- Born: 2 April 1964 (age 62)
- Occupations: Academic; professor;
- Known for: Academic

Academic background
- Education: Professor or Urban and Regional Planning
- Alma mater: Ahmadu Bello University

Academic work
- Institutions: Ahmadu Bello University

= Adamu Ahmed =

Nigerian Professor of Urban and Regional Planning

Adamu Ahmed (born 2 April 1964) is a Nigerian academician, Professor of Urban and Regional Planning and currently serving as the Vice-Chancellor of Ahmadu Bello University, Zaria. He succeeds Prof. Kabiru Bala on May 1, 2025.

== Education ==
He did his undergraduate and postgraduate studies at Ahmadu Bello University, Zaria, Kaduna State, where he earned BSc in Geography, MSc and PhD in Urban and Regional Planning in 1990 and 2000 respectively. In 2012, he attained the rank of a professor.

== Career ==
In 1991, he was employed as a lecturer by Ahmadu Bello University, where he rose to hold several academic and administrative positions and he served as the head of his department and Director of the ABU Directorate of University Advancement. In June 2024, President Bola Tinubu appointed him as the Pro-chancellor and Chairman of the Governing Council of the Federal University of Education in Kano, Kano State.

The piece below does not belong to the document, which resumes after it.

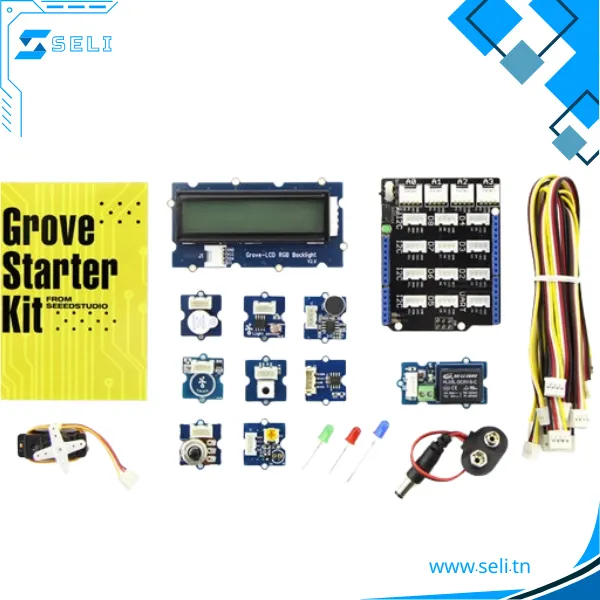 Ce kit de démarrage Grove V3 de Seeedstudio est composé de plusieurs modules de base permettant de réaliser rapidement et facilement des expériences et montages sans soudure.

Earlier, Prof. Ahmed was appointed by Governor Mohammed Abdullahi Abubakar as chairman of committee on land administration system in Bauchi State. From 2019 to 2021, he served as the Commissioner of Lands and Survey in Bauchi State under the administration of Governor Bala Muhammad.

His latest appointment, which takes effect from 1 May 2025, followed a meeting of the Governing Council of the Ahmadu Bello University led by Dr. Mahmud Yayale Ahmed.

== Research works ==
Prof. Ahmed's research focuses on land cover, land use, climate change, and food security. His notable works include Land Cover, Land Use, Climate Change, and Food Security, co-authored with Y.A. Bununu, and The influence of history on the urban landscape of Zaria, co-authored with Yakubu Bununu.